Clara Bay showcasing her poster at the December 2025 Epidemics10 conference in San Diego

            She also didn’t expect to feel so connected to the real-world applications of her work. Through collaborations with the CDC and the Scenario Modeling Hub, Bay has watched her forecasts move from her laptop into the hands of state and local public health officials making decisions about school closures, hospital staffing, and public health messaging, “You always feel like your work might just be going into the void. Seeing it used in the real world really helps contextualize what you’re doing.” 

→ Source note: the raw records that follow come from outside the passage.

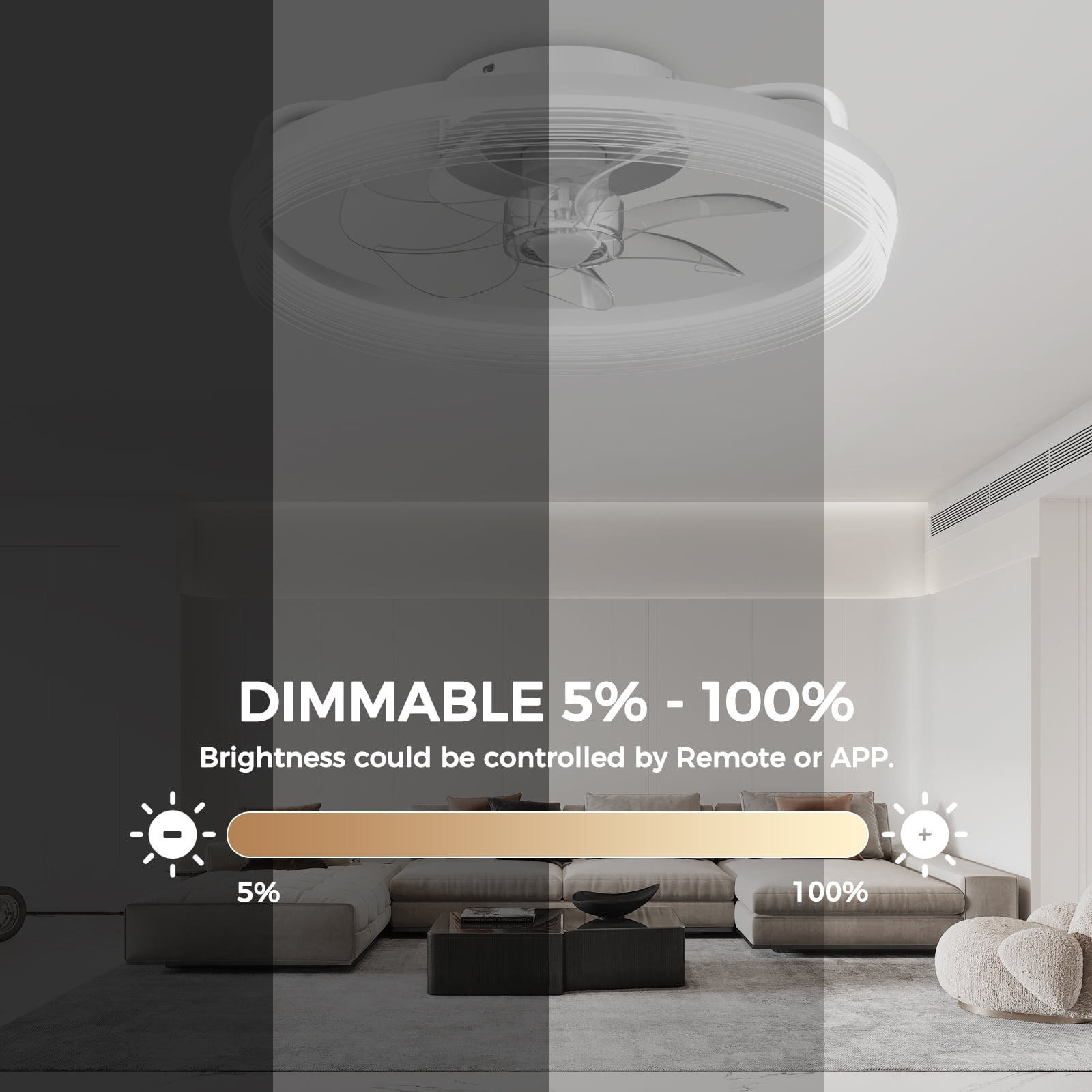 Skvevn 20″ Ceiling Fan with Light, 6 Wind Speeds, Remote & APP Control, Modern Dimmable LED Ceiling Fan, Smart Ceiling Fan for Bedroom
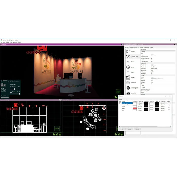 De Capture Duet Edition is een gebruiksvriendelijke ontwerp-, documentatie- en visualisatietoepassing die geschikt is voor verschillende verlichtingsoplossingen. Het stelt je in staat om te werken met verlichting-, video-, laser-, bewegend landschap- en watereffecten op zowel Windows als macOS. Het cross-platform is met name sterk in het snel kunnen schakelen tussen het ontwerp, de documentatie en visualisatie, wat resulteert in een verbeterde workflow en verhoogde productiviteit.
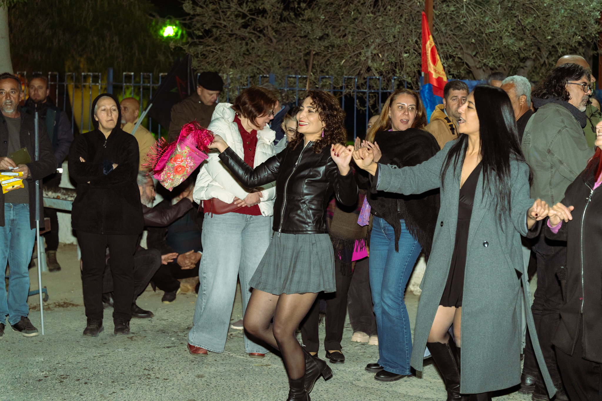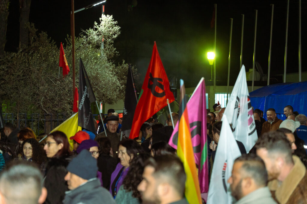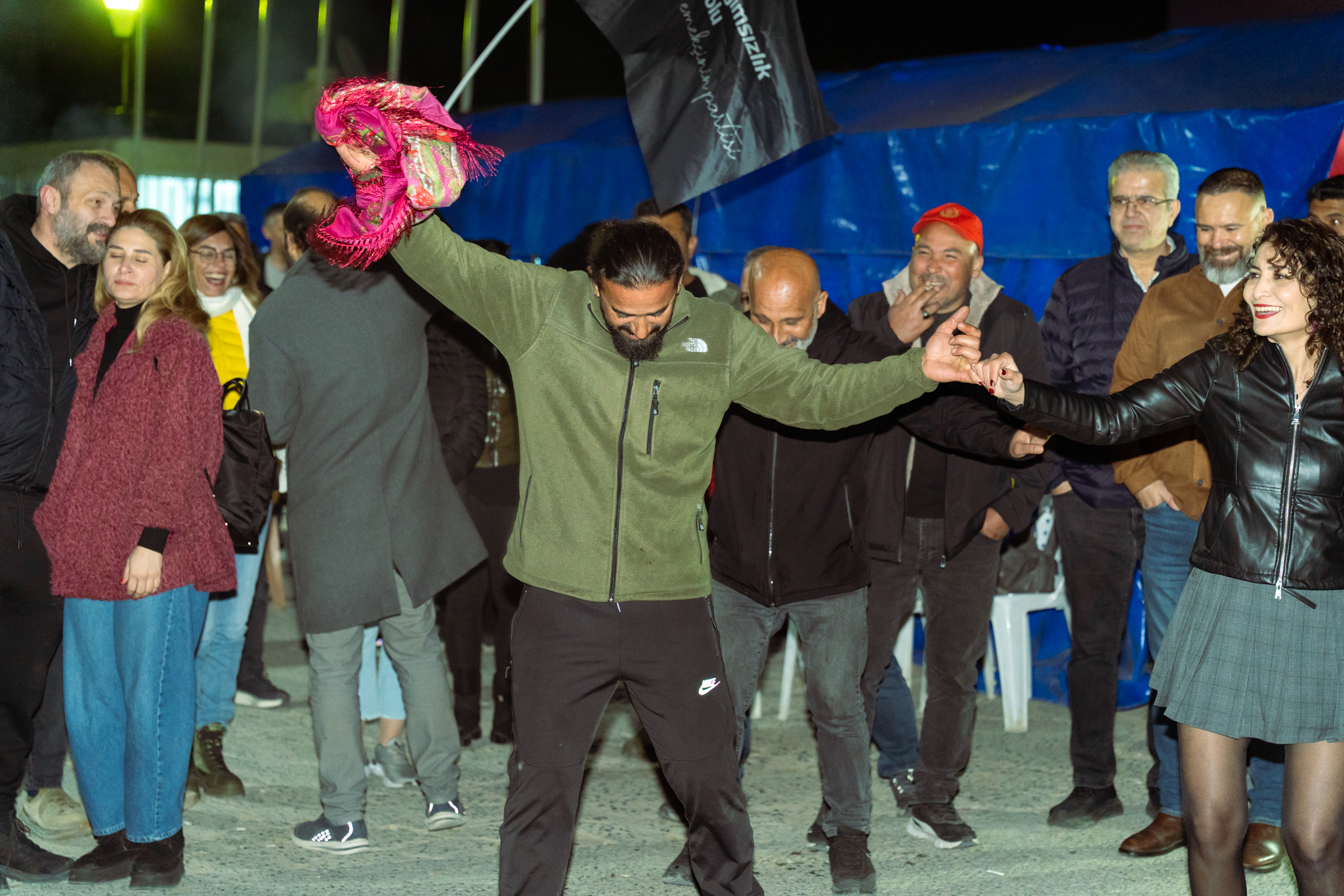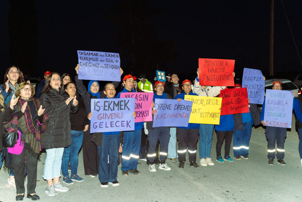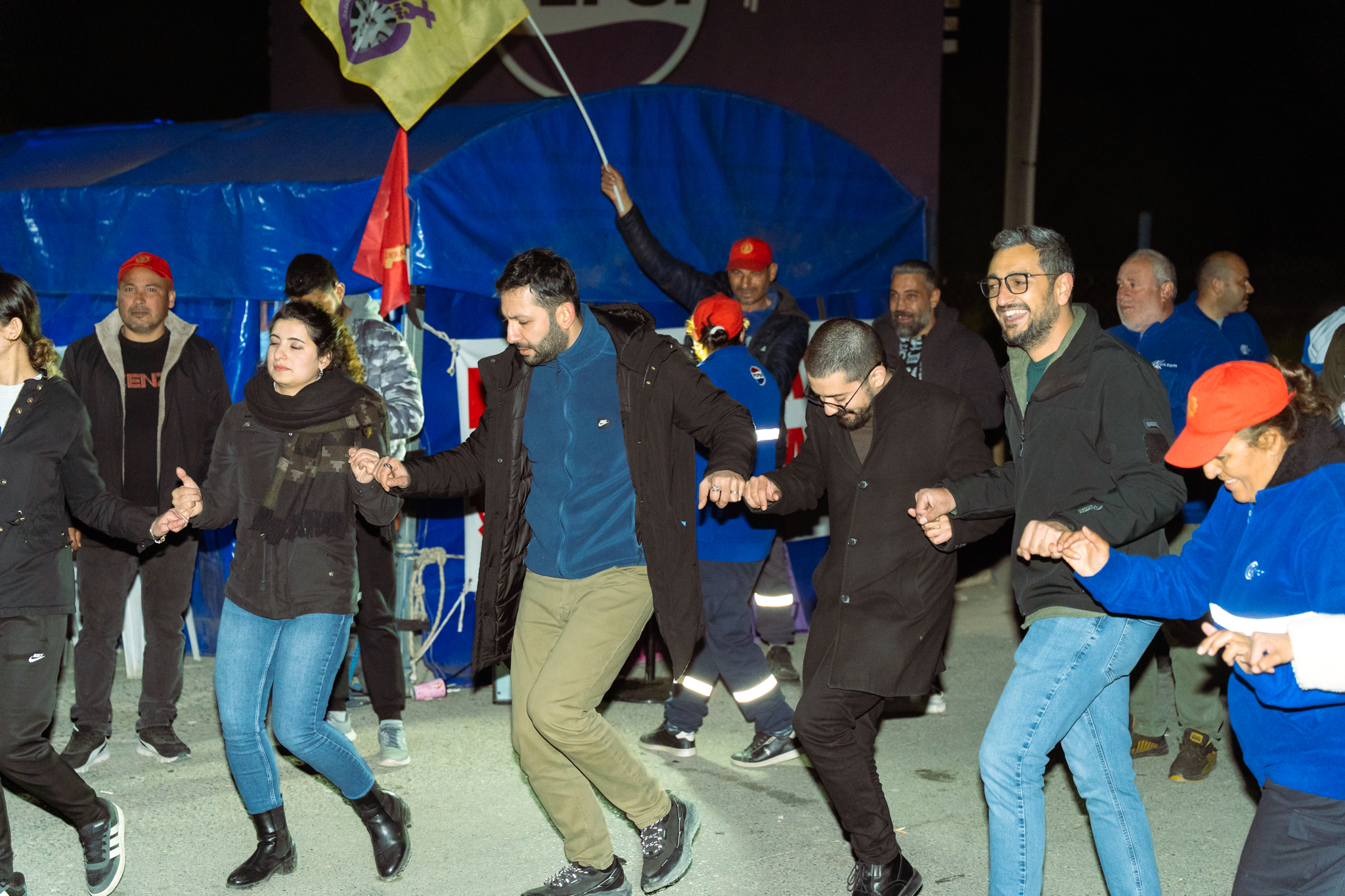 Girne basın açıklamasının ardından 8 Mart Organizasyon Komitesi ile birlikte EKTAM emekçilerinin direniş çadırına giderek dayanışma eylemine katıldık. Burada gerçekleştirilen etkinlikte emekçilerle birlikte mücadele şarkıları söylendi, dayanışma mesajları verildi ve sendikal hak mücadelesi veren emekçilerin yalnız olmadığı vurgulandı.

            After graduating, Bay hopes to continue working in infectious disease modeling and public health, building tools with real-world policy impact – whether she stays in academia or not. For students considering Northeastern’s PhD programs, her advice is true to what her experience was: embrace the interdisciplinary nature of the University, and don’t feel like you need to arrive with everything figured out, “I didn’t come in with a specific project in mind. Being able to try different things and be proposed different projects was actually a really valuable way to discover what I was most interested in. I’d encourage incoming students not to feel like they need to have everything mapped out before they get here.” 

 

Check out her Google Scholar page to read her publications! 

FluSight Forecast Hub website

 

Photo Credits: Nicole Samay, Clara Bay 

 

More about Clara Bay: 

            Clara Bay grew up in coastal North Carolina (Wilmington), enjoying lots of time at the beach. She spent her undergraduate years at UNC Chapel Hill, where she became a college basketball fan. In her spare time, she enjoys running, reading, and spending time with her 12-year-old dog named Frankie.